I recently found about the asm
keyword in c++ that allows us to write inline assembly in c++. Is there any way to cheese solutions by it? I googled but they say "constants don't matter, focus on complexity.." I KNOW, THANK YOU. I want to know will it make my n^3 pass in n<=1000
asm reference
Compiler already performs a lot of optimizations and ultimately C++ produces assembly code before the machine code. Writing assembly would only be viable if you have a lot of time (which you don't have in contests) AND provided that you are expert at assembly language.
Mostly not.
It's only marginally faster, you can choose the same speed if you use a better algorithm. Inline asm can be long to type. And difficult too, imagine doing DP and having to deal with stack & frame pointers, not fun. Do it because you want to get better at assembly not for faster cf solutions. And don't do them for contests.
No it won't. Modern compilers optimize code well enough. I sometimes rewrite my code in assembly but only gain ~1.3 speed increase. BTW, if you like such optimizations, take a look at SIMD intrinsics, they may halve the execution time in some cases.
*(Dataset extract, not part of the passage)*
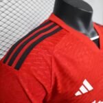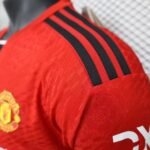 A camisa titular do Manchester United para a temporada, segundo o próprio time, homenageia a icônica rosa vermelha da cidade (Lancashire) e se inspira na ponte sobre o rio Irwell, que conecta Manchester e Salford, “um símbolo da força da cidade e seu profundo impacto no mundo durante a revolução industrial”.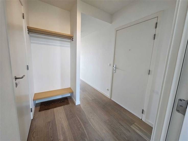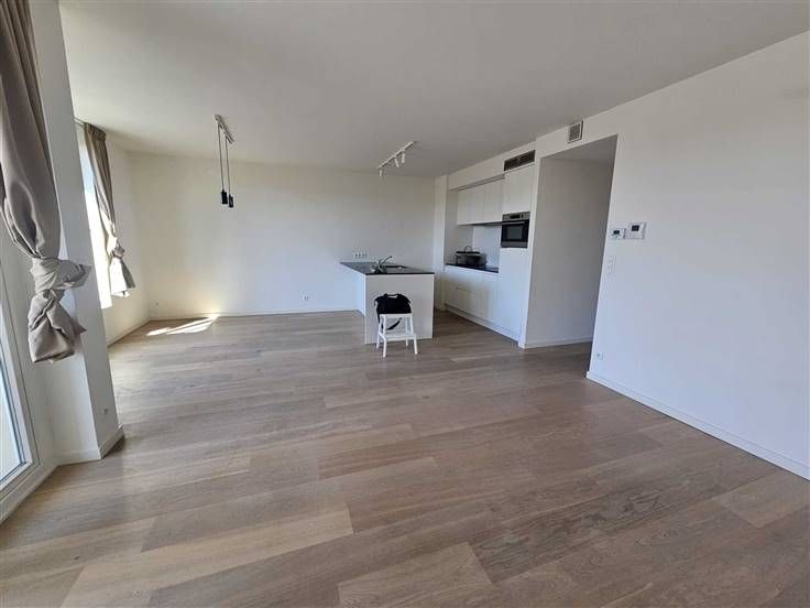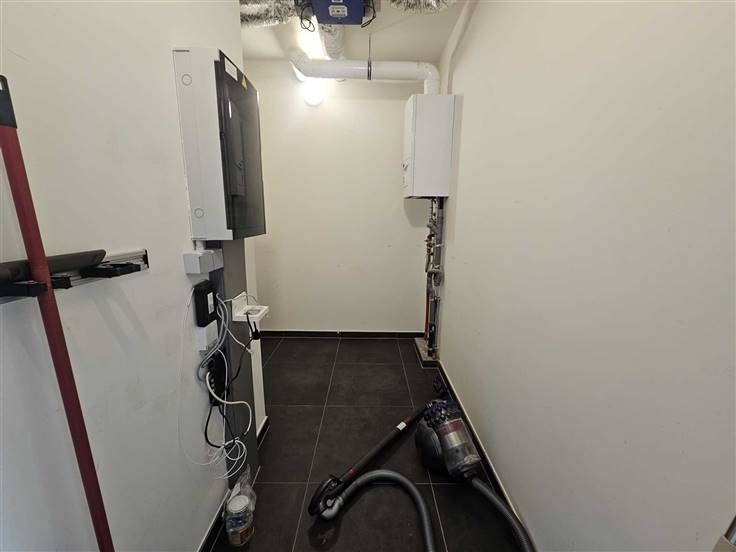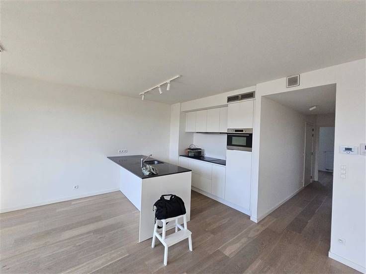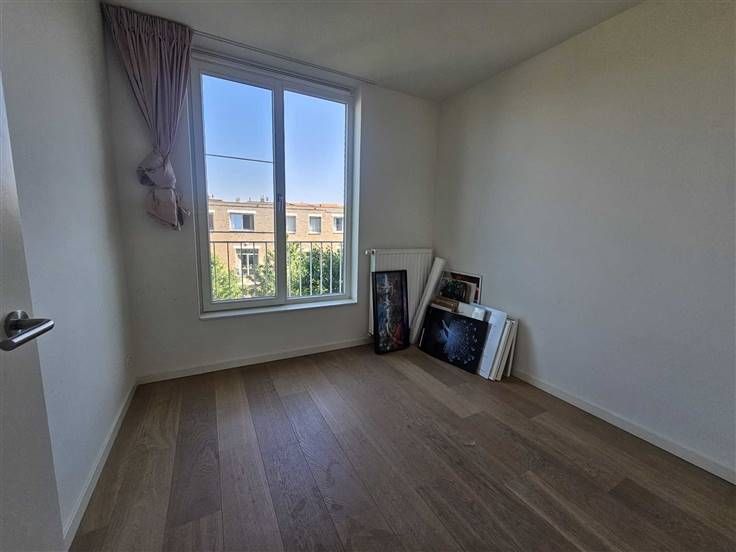 Het Groen Kwartier te Antwerpen: een uniek stukje groen in het centrum van de stad. Dit recent nieuwbouwappartement op de 2de verdieping heeft 2 slaapkamers, een ruime living met leef- en eetruimte en keuken (7,22 m²), badkamer, aparte toilet, berging en terras! Bij het appartement hoort ook een autostaanplaats (P 37) en een kelderberging (A 25). Instapklaar! Indeling: hal: 2,38 * 2,07 = 4,93 m² badkamer: 2,38 * 1,82 = 4,33 m² toilet: 0,95 * 1,5 = 1,43 m² berging : 0,9 * 2,89 = 2,6 m² slaapkamer: 2,77 * 4 = 11,19 m² slaapkamer: 2,89 * 2,77 = 8 m² leefruimte en eetruimte: 7 * 5, 77 = 40,5 m² keuken (7,22 m²) open terras: 2,73 * 2,1 = 5,73 Het kadastraal inkomen bedraagt voor de overdekte parkeerplaats: 96 Voor het appartement: 1014 Voor de kelder: 4 De trimestriële voorschotten bedragen 394,77 € (4 x per jaar), vaste kosten zijn dus 1579,08 € per jaar. (éénmalig werkkapitaal in te brengen van 496 €)

Just for some more info about SIMD parallelism, if you write code in a compiler-friendly way (alignment of data -- as well as removing data dependencies -- in a manner that allows the compiler to optimize using SIMD parallelism), then it's quite reasonable to expect the compiler to use SIMD wherever possible, so the OP doesn't even need to worry about writing code using SIMD at all.
What follows is some general advice for squeezing in solutions within strict time limits, after you've done all possible optimizations like bitsets/replacing data structures/fast io.
What could possibly lead to a better performance boost in many practical cases would be to try to avoid branches (and thereby reducing checks) as much as possible. I would personally not recommend doing this, since one extreme of this would be using goto in your code where you are guaranteed to satisfy certain conditions, which can be confusing and harder to debug in some cases. A practical way of avoiding branches is to directly encode conditions into the answer (for a very simple example, if you want ceil(x / 2), you can try (x >> 1) + (x & 1) or (x + 1) >> 1 instead of checking for x modulo 2).
Another more important thing is the cache-friendliness of your algorithm, but unfortunately (or fortunately), most solutions to the same problem have similar cache-friendliness, so that doesn't make a lot of difference in CP, but you can try to ensure that you have the least number of cache misses possible if you're trying to squeeze in your solution. There was a discussion about the implementation of a sparse table some time ago, which showed how significant cache misses really are (most of the time taken by a program is spent waiting for the data, and L1-caches are orders of magnitude faster than L3-caches, so you can get an idea about this effect).